Who Will Rebuild Gaza? (In 3 minutes)
Everyone's talking about Gaza reconstruction. Lawyers are asking a different question.
The EU just launched a $1 billion fund for Gaza’s reconstruction.
Generous, right?
But there’s a word missing that lawyers are thinking about: reparations!
A donation is an act of goodwill. Someone chooses to give, and the recipient owes gratitude in return.
Reparation is a legal remedy. Someone breached the law, and now owes a debt to repair their wrong. No gratitude required, because it was never a gift.
The outcome is the same (a rebuilt Gaza), but the rationale is different… and that matters.
That difference is why, in March 2026, a group of UN human rights experts explicitly called out the Board of Peace (remember them?!), arguing that any legitimate reconstruction process has to be “reparative” and rights-based.
Still, both reparations and donations towards rebuilding Gaza have been slow and with challenges.
1. Why reparations aren’t on the table… yet
A few reasons.
First, Israel denies wrongdoing.
It’s been accused of breaking the laws of war, including targeting civilians and civilian buildings on purpose, and hitting targets way out of proportion to any military value they had.
Israel says none of that is true.
Its position is that it acted in lawful self-defence, that it didn’t deliberately target civilians, and that its response was proportionate.
If a court ever ruled that Israel broke the laws of war, and specifically that flattening Gaza’s civilian infrastructure crossed that line, Israel could then be legally required to pay full reparations.
That wouldn’t just mean money. It could mean actually being made to rebuild what it destroyed.
But no court has made that judgment (at least, not yet…).
Second, it’s difficult to hold other states accountable.
Under the law, a state that aids or assists another state’s internationally wrongful act can be held responsible too, but only if it did so knowing its assistance would be used for that wrongful act.
Nicaragua tried exactly this argument against Germany before the International Court of Justice over Germany’s arms exports to Israel.
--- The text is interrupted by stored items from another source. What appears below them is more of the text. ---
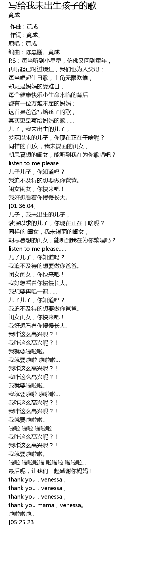| [00:35.01] | ér zi, wǒ wèi chū shēng de ér zi, |
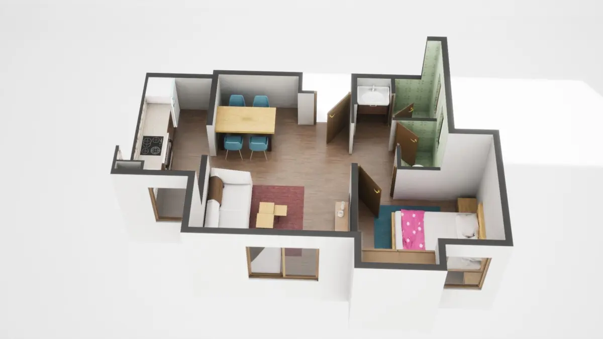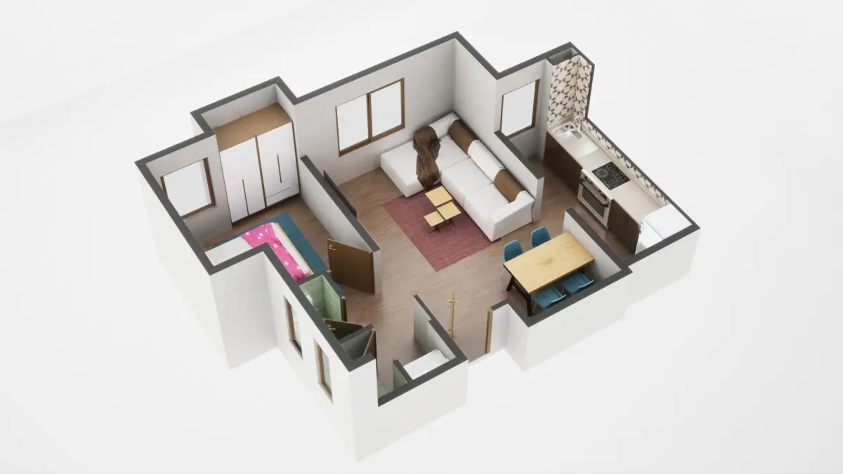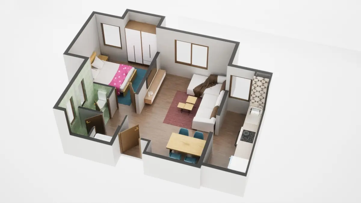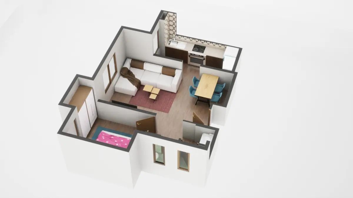 Fully textured 3D model for 1BKH floor plan made in blender.
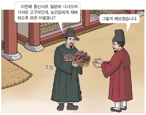 왼쪽 말풍선에 '이번에 통신사로 일본에 다녀오며 가져온 고구마인데, 농민들에게 재배하도록 하면 어떻겠나?'라는 조엄의 말이 나와 있다. 이어 오른쪽 말풍선에는 '그렇게 해보겠습니다'는 대답이 나와 있다. 일본에 통신사로 갔던 문신 조엄(1719~1777)이 고구마의 종자를 얻어 가지고 온 것은 조선 영조 39년인 1763년의 일이다(조선 후기).
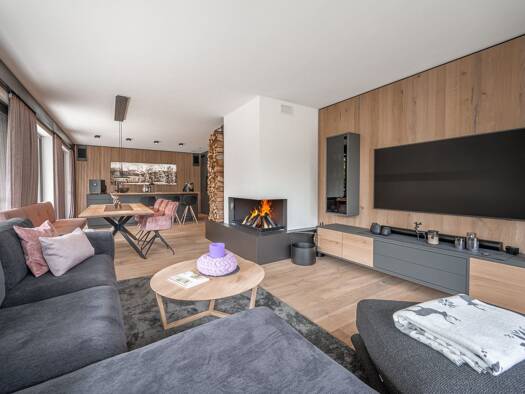 Diese exklusive Maisonette-Wohnung im Erdgeschoss begeistert mit einem traumhaften Blick auf das Kitzbüheler Horn sowie den Wilden Kaiser und bietet auf 145 m² alles für ein luxuriöses, entspanntes L...
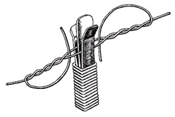 Конструкция приспособления для вязки узлов проста. Начинающий рыболов такое приспособление может сделать самостоятельно. Для этого концы трех гибких металлических пластин толщиной примерно в один сантиметр закругляют. Средняя пластина остается ровной, а концы двух боковых пластин отгибают под углом 20—30°.

The Court’s judgment on this is years away, and only targets Germany.
But it would be the first time a third state is held accountable for complicity, and could maybe even be asked to pay reparations for it as a result… which is a big deal.
Third, the courts that could rule on this take years to decide, and even when they do, they can’t force a state to comply.
Aside from Nicaragua suing Germany, there have been three recent cases before the International Court of Justice (ICJ - resolving disputes between countries) touching on Gaza.
One from July 2024 declared Israel’s occupation of Palestine (including Gaza) was illegal, and mentioned reparations were owed. But it’s a non-binding opinion that Israel has ignored.
Another from October 2025 was on Israel’s obligations toward the UN and humanitarian actors operating there. It was also a non-binding opinion, and didn’t touch on reparations.
The third is South Africa’s genocide case against Israel. Contrary to the first two, this one’s a binding judgment. Plus, if Israel were found have committed genocide, reparations could follow. But we’ll have to wait another few years before we know what the ICJ decides!
Beyond the ICJ, the International Criminal Court (another court in The Hague going after individual criminals; not countries) has issued arrest warrants against Netanyahu and Gallant, but reparations only become possible after a conviction, which would be many, many years off (if at all), not least given the ICC’s many other ongoing crises.
2. Gaza might get humanitarian donations… eventually
Even donations have been challenging.
Even though Qatar said it wouldn’t “write the check” for Gaza’s reconstruction (as it has done so in the past) in December 2025, it later changed its tune and pledged $1 billion.
Others like Saudi Arabia, the UAE, and Kuwait, pledged similar amounts at the Board of Peace’s inaugural meeting in February 2026.
The EU just opened its wallet, and the US said its goal was to redevelop Gaza.
But there are some problems:
First, the UN and World Bank put Gaza’s actual reconstruction cost at roughly $71.4 billion over a decade, so the pledges made so far aren’t anywhere near enough.
Second, according to some media reports, the World Bank-administered Gaza fund has received zero dollars from anyone as of mid-2026.
Third, Israel has not made a financial pledge to the Board of Peace’s Gaza reconstruction fund.